§ **The problem**
Beginning at the line that holds "Un bracelet ou" and continuing to the last line of the data below, transcribe every line word for word, without pictures.

§ **Information shown**
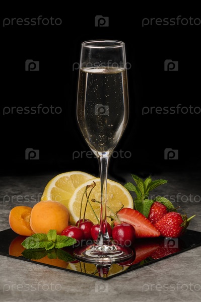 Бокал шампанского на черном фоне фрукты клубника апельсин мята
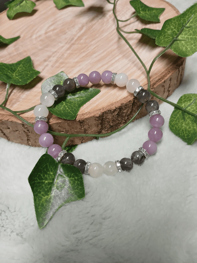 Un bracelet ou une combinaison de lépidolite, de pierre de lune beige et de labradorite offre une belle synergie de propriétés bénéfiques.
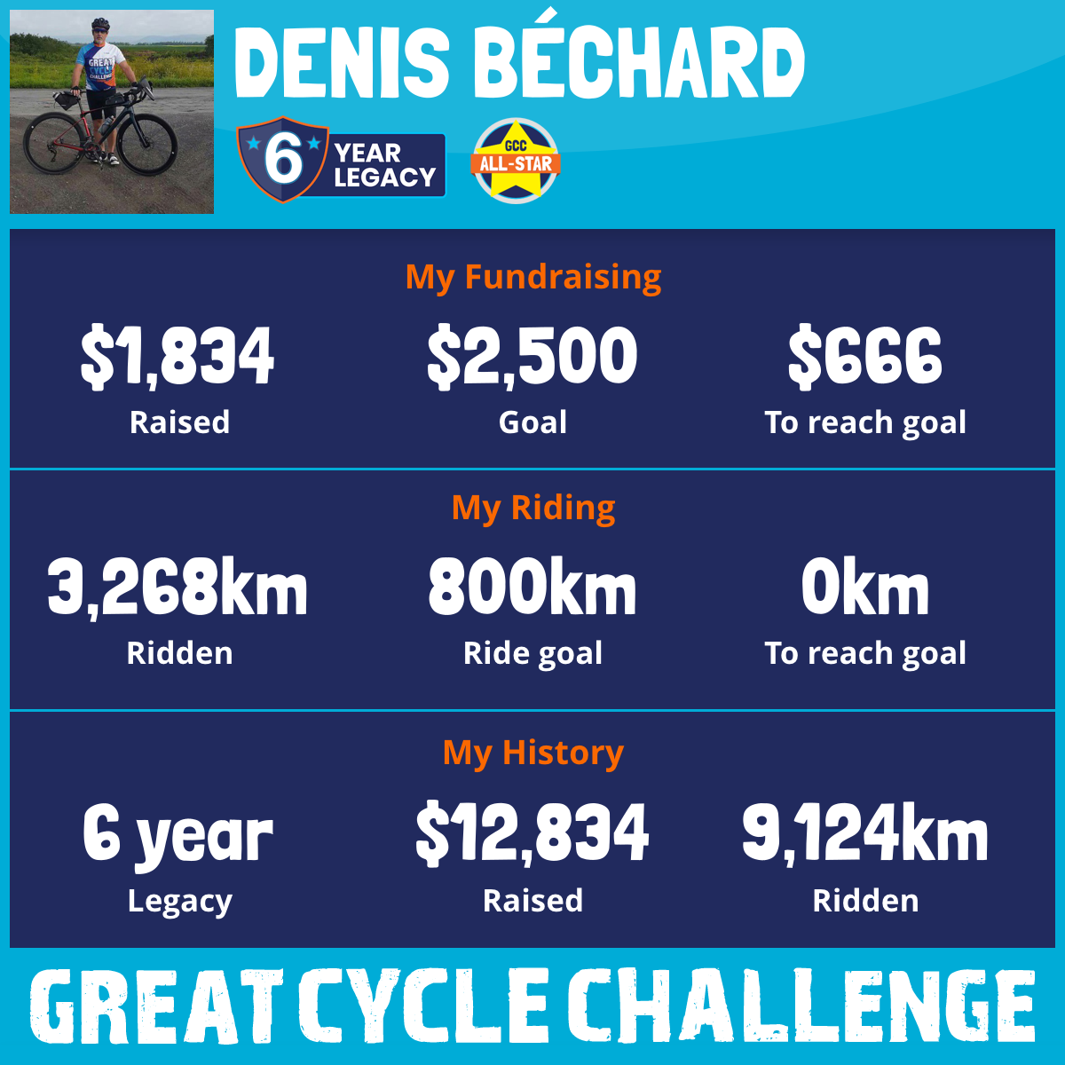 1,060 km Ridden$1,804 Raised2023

§ **Answer box**
 Un bracelet ou une combinaison de lépidolite, de pierre de lune beige et de labradorite offre une belle synergie de propriétés bénéfiques.
 1,060 km Ridden$1,804 Raised2023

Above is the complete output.